- Battle of Damaturu (2014): Part of Boko Haram insurgency
| Date | 1 December 2014 |
| Location | Damaturu, Yobe State, Nigeria |
| Result | Nigerian victory |

Belligerents
- Nigeria: Boko Haram

Casualties and losses
- 44 killed 38 policemen; 6 soldiers;: 40+ killed

= Battle of Damaturu (2014) =

On 1 December 2014, Boko Haram militants attacked the town of Damaturu, Yobe State, Nigeria. The attack was repulsed by Nigerian forces, but at least 115 civilians were killed and 78 wounded in the battle.

== Background ==
Boko Haram emerged in 2009 as a jihadist social and political movement in a failed rebellion in northeast Nigeria. Throughout the following years, Abubakar Shekau unified militant Islamist groups in the region and continued to foment the rebellion against the Nigerian government, conducting terrorist attacks and bombings in cities and communities across the region.

In August 2014, Boko Haram launched a campaign to capture several cities in Borno State, capturing Damboa in late July and Gwoza and other cities in August. In each city, the group carried out large-scale massacres against civilians and suspected pro-government people. The campaign continued in Gamboru Ngala, with Boko Haram capturing the city on 25 August and immediately launching attacks on the Cameroonian city of Fotokol. On 1 September, the group captured Bama. In November 2014, Boko Haram fighters captured Malam Fatori in northern Borno State after a lull in their offensive.
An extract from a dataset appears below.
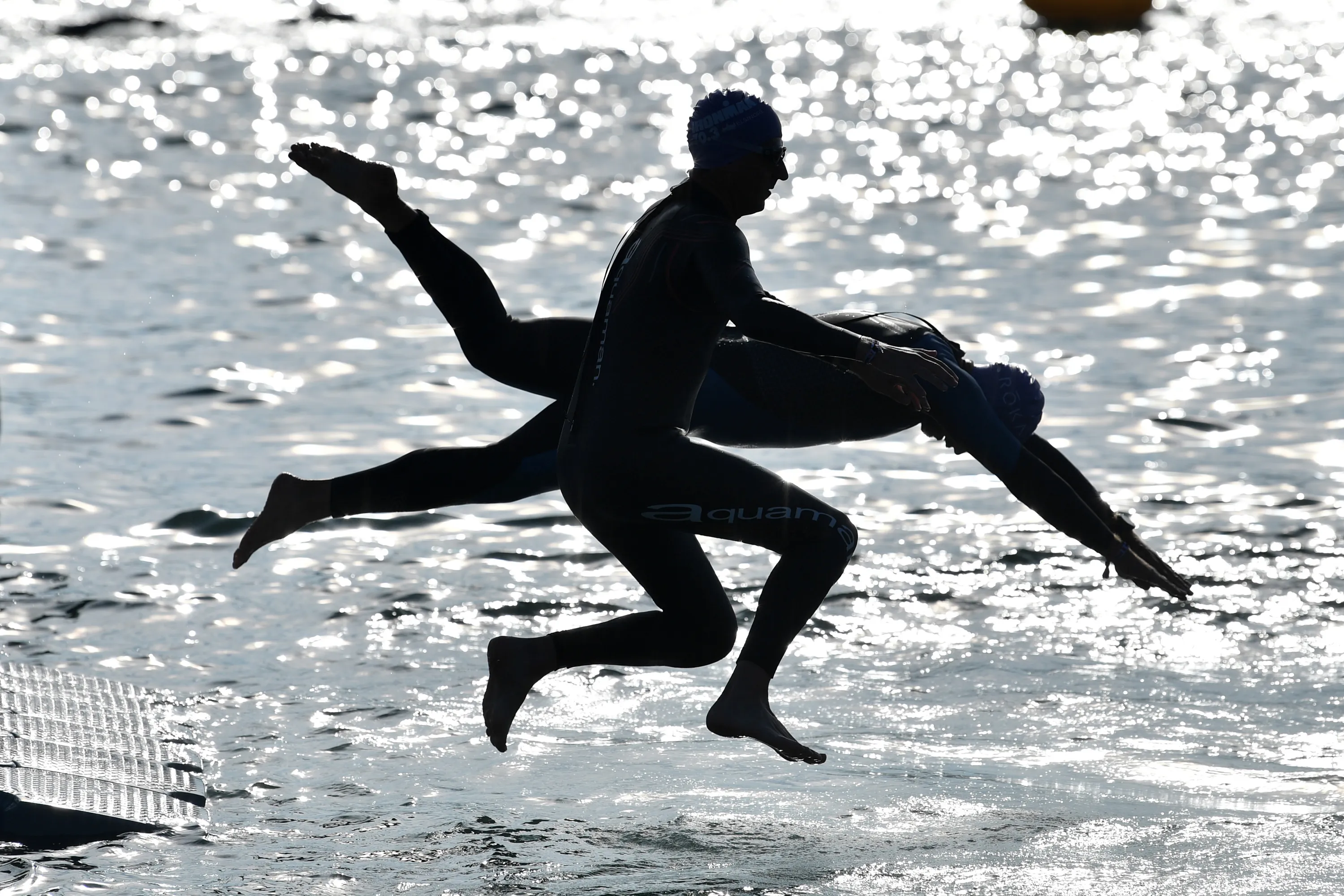 Athletes perform during the swim leg of the IRONMAN 70.3 Elsinore on June 25, 2023 in Helsingor, Denmark. (Photo by Alexander Koerner/Getty Images for IRONMAN)

Damaturu has been attacked several times before during the insurgency due to its location as the capital of Yobe State. In 2011, Boko Haram failed to seize the city, leaving 59 of its members and 41 civilians dead. The group attacked Damaturu again in October 2013, to another failure. The city was also the site of many bombings and civilian attacks by Boko Haram. In June, 21 football fans were killed when Boko Haram bombed a gathering of people watching a football match.

== Battle ==
Boko Haram militants attacked Damaturu at dawn on 1 December. The first site they attacked was the police station on Gujba Road, where many Nigerian policemen were killed. Afterwards, the group moved into residential areas. An anonymous Nigerian official said that there was "chaos throughout the city" during the attacks. Clashes were also reported at the city's prison and the Yobe Governor's residence. Many residents fled into the bush. Nigeria forces were able to repel the attack that evening in a ground and air intervention.

On the same day as the attack, Boko Haram suicide bombers bombed a market in Maiduguri, killing at least five people.

After the battle, 115 bodies were transferred to Sani Abacha hospital, all dressed in civilian clothing. Nigerian police spokesman Emmanuel Ojukwu said that 38 policemen were killed in the battle. The army also reported six deaths.

78 civilians were injured in the attack, 59 of whom were able to leave the hospital by 4 December. At least 40 Boko Haram militants were killed in the battle.